Items from a dataset:
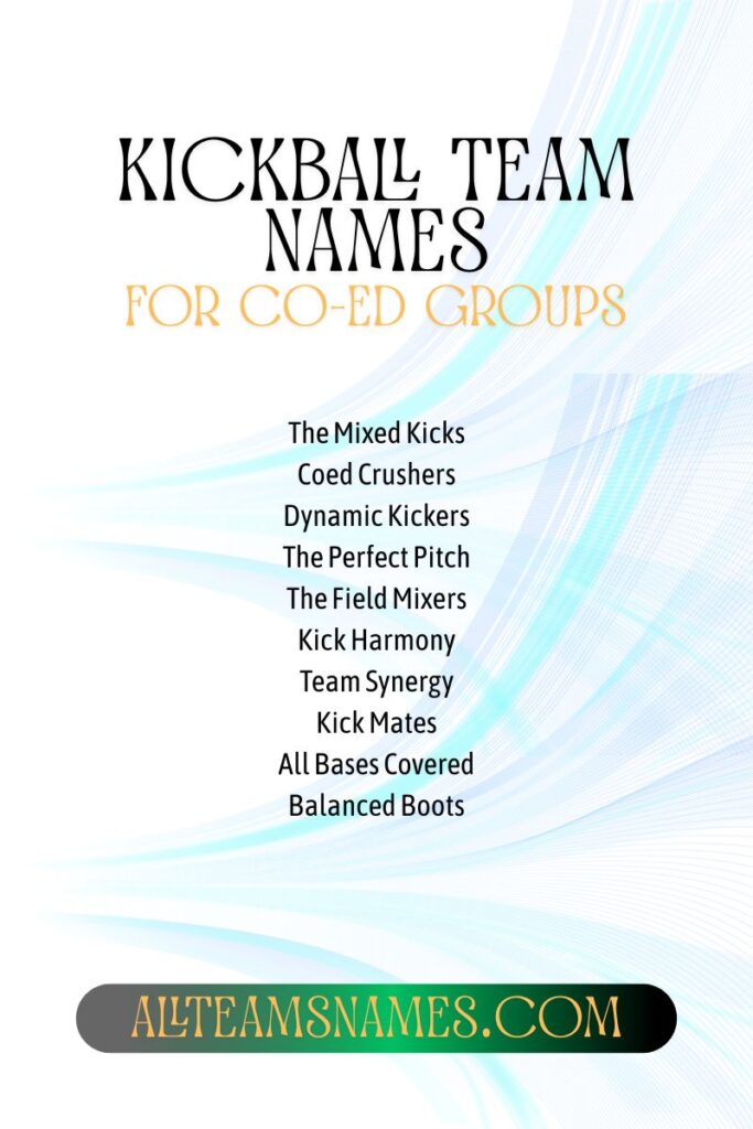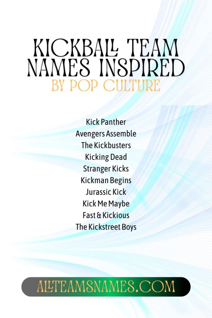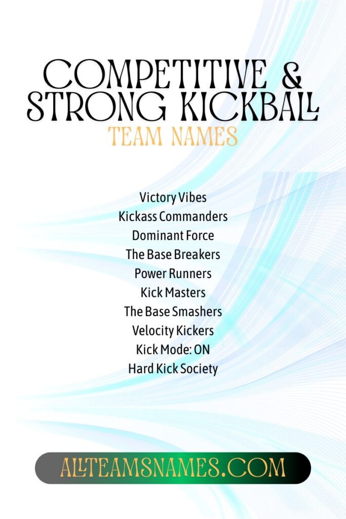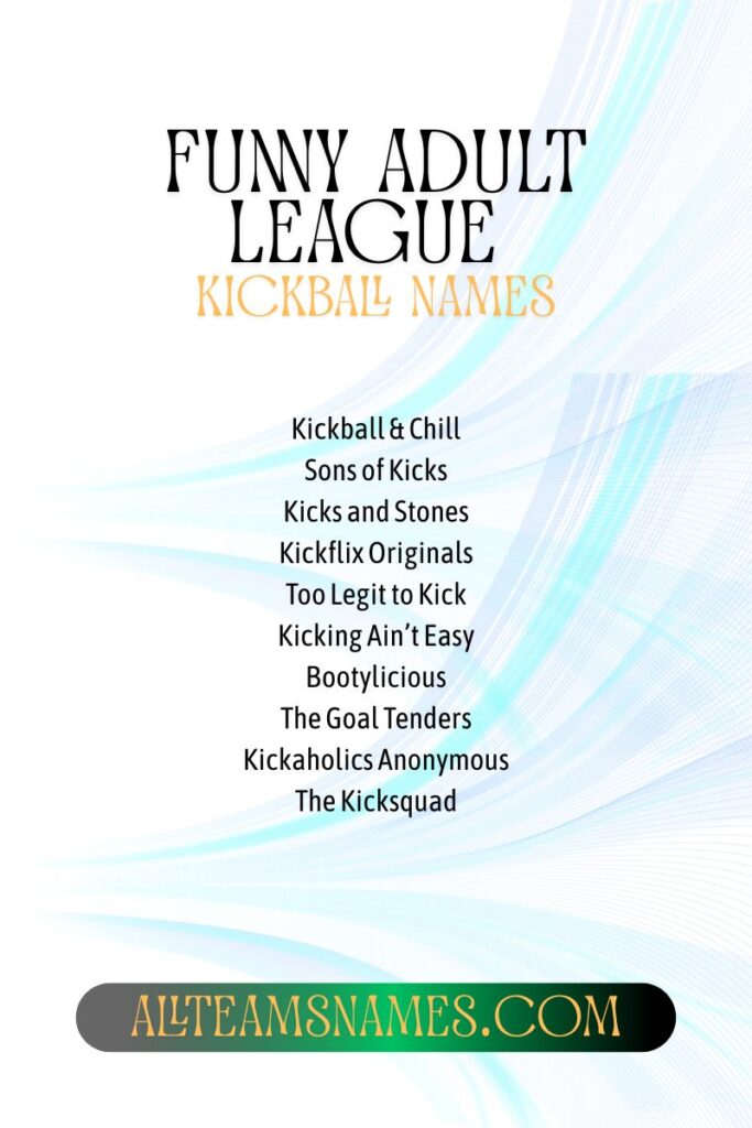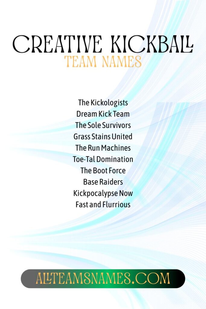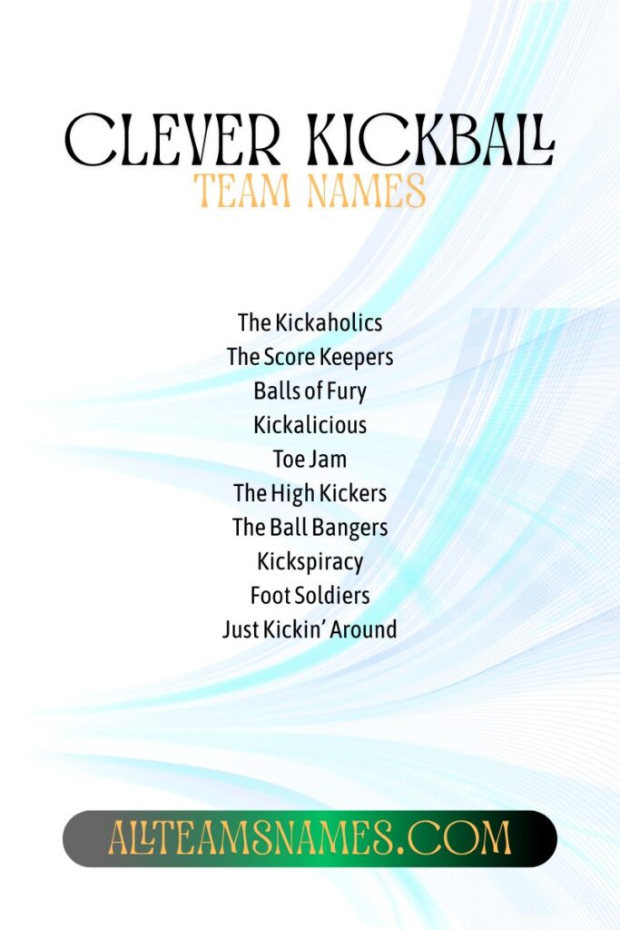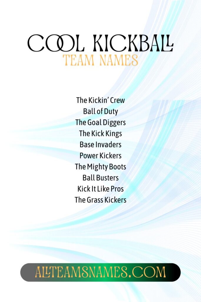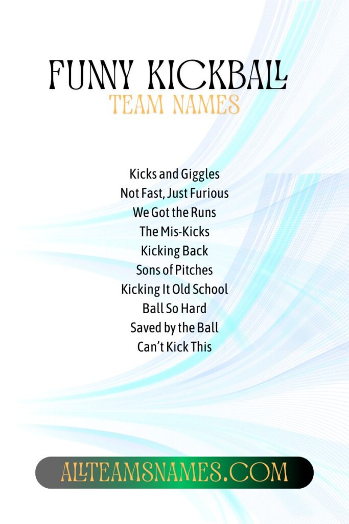 - What makes a great kickball team name? A great kickball team name is memorable, easy to pronounce, and reflects your team’s spirit. It can be funny, clever, or intimidating, depending on the vibe you want to create. The best team names also foster a sense of unity and pride among team members.
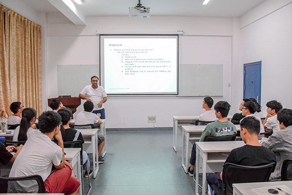 紧接着,在Karim Alinani一段简短的自我介绍后,英语俱乐部的第一次学习交流活动正式展开。Karim Alinani将此次英语学习交流活动分为“工作、学习、交流”三个不同的板块,他借用Listening、Speaking、Reading、Writing四个关键词,分别从听、说、读、写四个方面向在场同学分享了提高英语口语能力的方法,并向大家强调了英语口语在实际生活中的重要性。同时,他也倡导在座的每位同学在学习交流的过程中不要害羞,要多尝试用英语去表达自己的想法。活动期间,外教还与同学们分享了国外文化,并让同学们自由提问,问题涉及如何学好英语、如何提高口语能力等方面。整个过程大家畅所欲言,各抒己见,外教以其独特的交流方式吸引了许多同学,同学们踊跃参与其中,纷纷上台通过英语展现自我,大大增强了他们学习英语的信心,现场气氛十分轻松愉快。
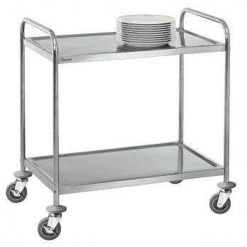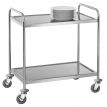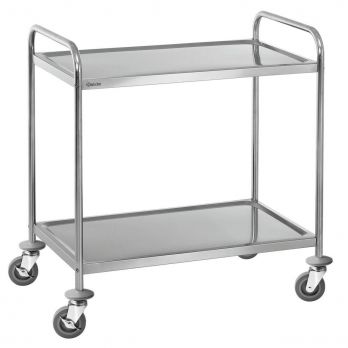 Servírovací vozík z chromniklové oceli s prolisovanými policemi. Se 4 otočnými kolečky průměru 100 mm, z toho 2 bržděná. Dodáváno v rozloženém stavu - SNADNÁ MONTÁŽ. Rozměry: 920 (Š) x 600 (H) x 945 (V) mm, rozměry polic: 830 (Š) x 510 (H) mm. Prostor mezi policemi 570 mm. Hmotnost: 10 kg.
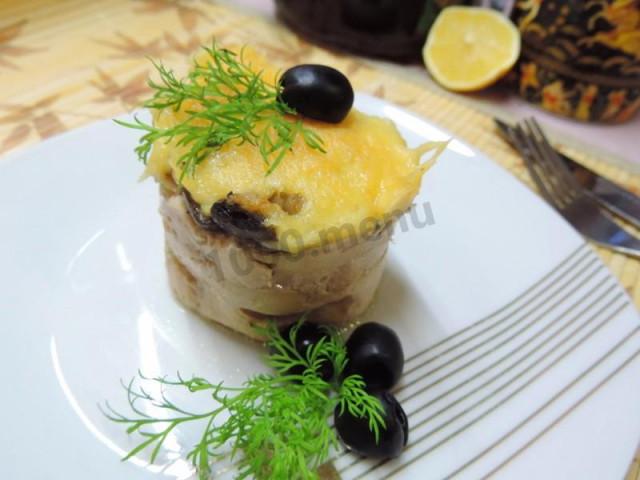 Заполнить кусочками филе подготовленные стаканчики: выкладывая их на дно и по стенкам, середину оставить пустую.
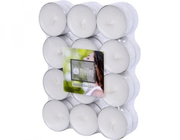 müller Kerzen Duftkerze Anti Tobacco 24 Stück / weiss 1.5x3.9 cm, in Aluhülse / Thema: Duftkerzen
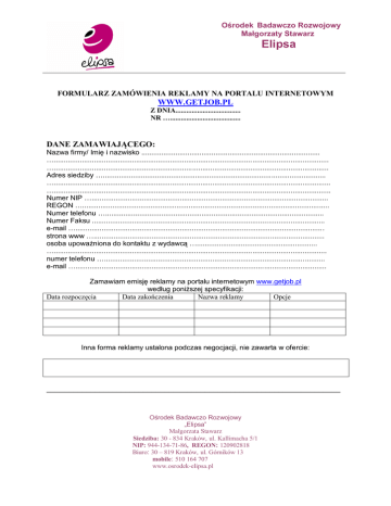 Ośrodek Badawczo Rozwojowy Małgorzaty Stawarz Elipsa FORMULARZ ZAMÓWIENIA REKLAMY NA PORTALU INTERNETOWYM WWW.GETJOB.PL Z DNIA.................................... NR …....................................... DANE ZAMAWIAJĄCEGO: Nazwa firmy/ Imię i nazwisko ......................................................................................... …......................................................................................................................................... …......................................................................................................................................... Adres siedziby …............................................................................................................... ….......................................................................................................................................... ….......................................................................................................................................... Numer NIP …...................................................................................................................... REGON …........................................................................................................................... Numer telefonu …............................................................................................................. Numer Faksu .................................................................................................................... e-mail …............................................................................................................................ strona www …................................................................................................................... osoba upoważniona do kontaktu z wydawcą …............................................................ …........................................................................................................................................ numer telefonu ….............................................................................................................. e-mail …............................................................................................................................. Zamawiam emisję reklamy na portalu internetowym www.getjob.pl według poniższej specyfikacji: Data rozpoczęcia Data zakończenia Nazwa reklamy Opcje Inna forma reklamy ustalona podczas negocjacji, nie zawarta w ofercie: ___________________________________________________________________ Ośrodek Badawczo Rozwojowy „Elipsa” Małgorzata Stawarz Siedziba: 30 - 834 Kraków, ul. Kallimacha 5/1 NIP: 944-134-71-86, REGON: 120902818 Biuro: 30 – 819 Kraków, ul. Górników 13 mobile: 510 164 707 www.osrodek-elipsa.pl Ośrodek Badawczo Rozwojowy Małgorzaty Stawarz Elipsa Uwagi Zamawiającego: ___________________________________________________________________ Koszt emisji reklamy – podany w kwocie netto ( według cennika, lub po indywidualnych uzgodnieniach): Nazwa Reklamy Kwota netto Kwota brutto W tym vat 22% SUMA: Zamawiający zobowiązuje się do udostępnienia wszelkich materiałów niezbędnych do emisji reklamy (banerów, zdjęć, tekstów), przydatnych wydawcy do sporządzenia skutecznej reklamy. Wypełniony i podpisany formularz zamówienia należy dostarczyć nie później niż 10 dni przed pierwszym dniem emisji zamówionej reklamy na adres: OŚRODEK BADAWCZO – ROZWOJOWY „ELIPSA” MAŁGORZATA STAWARZ, 30-834 Kraków, ul. Kallimacha 5/1, lub drogą e-mail: [email protected] OŚWIADCZENIE ZAMAWIAJĄCEGO Zapoznałem się z regulaminem zamieszczania reklam na portalu internetowym www.getjob.pl oraz upoważniam firmę OŚRODEK BADAWCZO-ROZWOJOWY ”ELIPSA” MAŁGORZATA STAWARZ, do wystawienia faktury VAT bez podpisu odbiorcy. Podpis i Pieczęć Zamawiającego ….............................................. ___________________________________________________________________ Ośrodek Badawczo Rozwojowy „Elipsa” Małgorzata Stawarz Siedziba: 30 - 834 Kraków, ul. Kallimacha 5/1 NIP: 944-134-71-86, REGON: 120902818 Biuro: 30 – 819 Kraków, ul. Górników 13 mobile: 510 164 707 www.osrodek-elipsa.pl
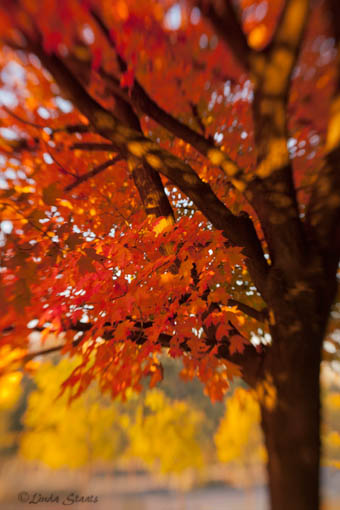 Our cool nights and warm days earlier this week provided the perfect recipe for bright autumn colors. With a blue sky and a sidelight provided by a rising sun, I knew this tree would be brilliant. The colors were intense and the leaves that were already on the ground provided a subtle crunch as I walked around the grove of trees to frame this image. What you don’t see is that I was right next to a busy street during morning rush hour, and I couldn’t help but wonder if the people passing by were aware of this brilliant display that Mother Nature was providing. I hope they paused for a brief moment to appreciate the colors, to be aware of the smells of fall, and to know that it is all fleeting as winter will soon be on the heels of autumn.
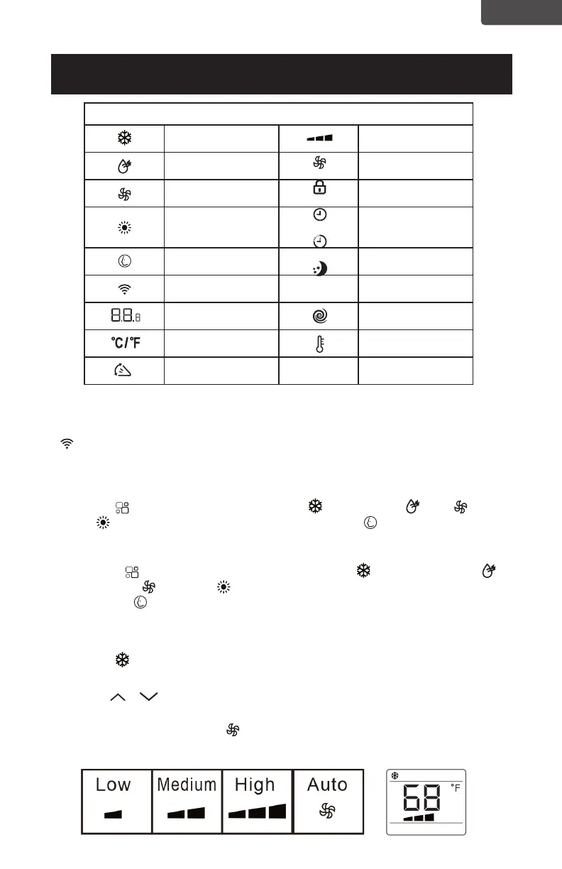 • El símbolo correspondiente se iluminará en la pantalla LED para indicar qué
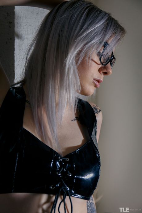 Kate Fresh strips off her black PVC pantyhose and panties and plays with her pussy
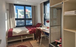 서울시,민간임대사업자 간담회 맹그로브 신촌점. 3인실의 모습. 한은화 기자 8일 오전 서울 마포구 노고산동 맹그로브 신촌점. 지하철 2호선 신촌역에서 도보 3분 거리인 이 16층 건물에는 277명(165개실)이 산다. 2023년 준공했다. 기업형 민간…
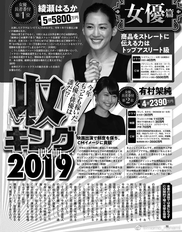 (女演员2019年收入榜单,榜首绫濑遥年收约为3450万元 )
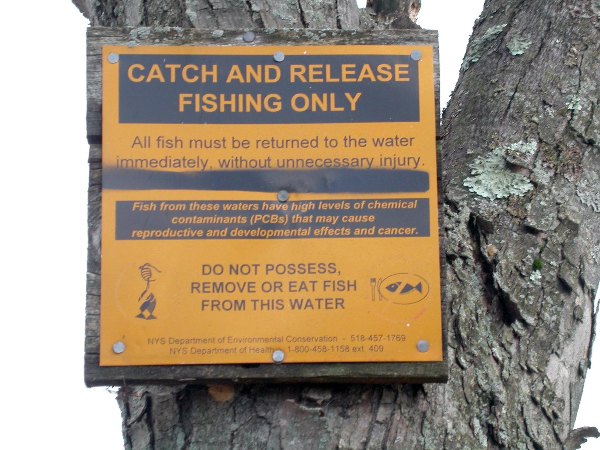 A sign posted along the Hudson River warning against eating fish from the river
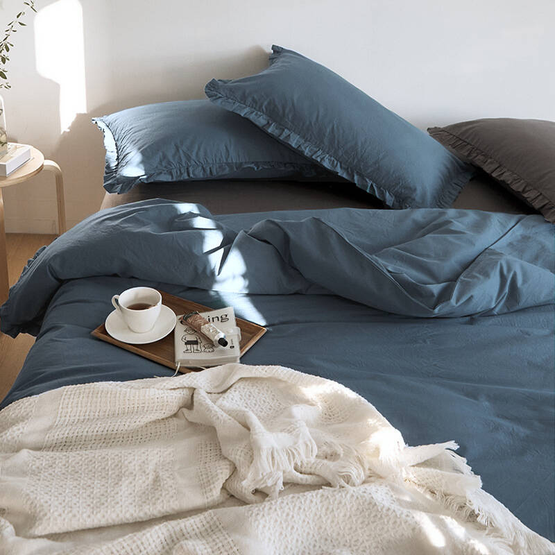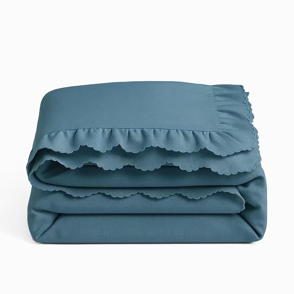 - Podkreśl elegancję swojej sypialni pościelą z urokliwą falbaną w eleganckim odcieniu niebieskiego. Luksusowy komfort i wyjątkowy styl zapewnią Ci niezapomniane noce. Zanurz się w miękkości i klasyce :)

TASK STATEMENT: Skip every picture, and restate word for word only the lines above from the line containing "para indicar qué" to the line containing "서울시,민간임대사업자 간담회 맹그로브", both of them included.

SOLUTION FOR THIS PROBLEM:
 • El símbolo correspondiente se iluminará en la pantalla LED para indicar qué
 Kate Fresh strips off her black PVC pantyhose and panties and plays with her pussy
 서울시,민간임대사업자 간담회 맹그로브 신촌점. 3인실의 모습. 한은화 기자 8일 오전 서울 마포구 노고산동 맹그로브 신촌점. 지하철 2호선 신촌역에서 도보 3분 거리인 이 16층 건물에는 277명(165개실)이 산다. 2023년 준공했다. 기업형 민간…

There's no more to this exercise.